First I was asked to compute $$\int_{-\infty}^\infty \frac{e^{itx}}{1+x^2}\text{d}x,$$ which using the Residue Theorem I deduced is $\pi e^{-t}$.
Next I was asked to use the Inversion Theorem of the Fourier Transform to check this answer. To that end I defined $f(x) = \frac{1}{1+x^2}$ and noted that $$\hat{f}(-t)=\int_{-\infty}^\infty f(x)e^{itx}\text{d}x=\pi e^{-t}.$$ By the Inversion Theroem, $$f(x)=\int_{-\infty}^\infty \hat{f}(t)e^{itx}\text{d}t=\int_{-\infty}^\infty \pi e^{(ix+1)t}\text{d}t.$$ But this integral clearly isn't defined.
Could someone point out where I have gone wrong? Thanks.
The sign of $t$ is important here: the quick and dirty way to sort this out is to notice that $1/(1+x^2)$ is even, so the integral reduces to $$ \int_{-\infty}^{\infty} \frac{\cos{tx}}{1+x^2} \, dx, $$ which is clearly an even function of $t$. You've worked it out assuming $t>0$, and so the result extends to negative $t$ simply by setting $\hat{f}(-t)=\hat{f}(t)$, so $\hat{f}(t) = \pi e^{-|t|}$ for all $t$.
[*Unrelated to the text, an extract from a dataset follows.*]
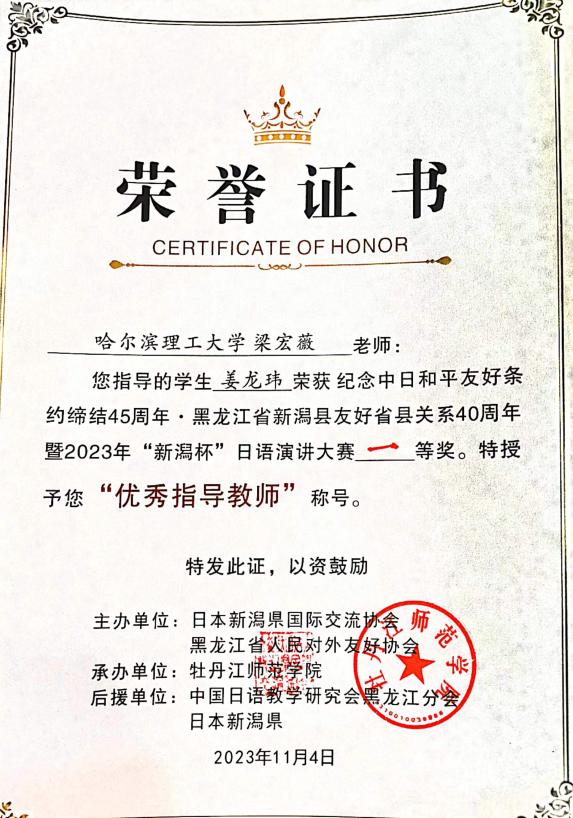 2023年“新潟杯”日语演讲大赛于11月4日在牡丹江师范学院举行。我校参赛选手日语系21级姜龙玮同学在比赛中表现出色,荣获一等奖,受到日本新潟県国际交流协会出资邀请赴日游学一周。外国语学院梁宏薇老师指导并带队参加本次比赛,荣获“优秀指导教师”称号。

To see what's gone wrong, look at the integral over the large semicircle that you have to make disappear to apply the Residue Theorem. $e^{itz}$ tends to zero as $\Im(z) \to \infty$ if and only if $t>0$. Hence one cannot close the contour in the upper half-plane if $t<0$: one instead has to use the lower half-plane (or change variables to $w=-z$ to have $e^{i(-t)w}$ in the numerator, which does $\to 0$ as $\Im(w) \to \infty$).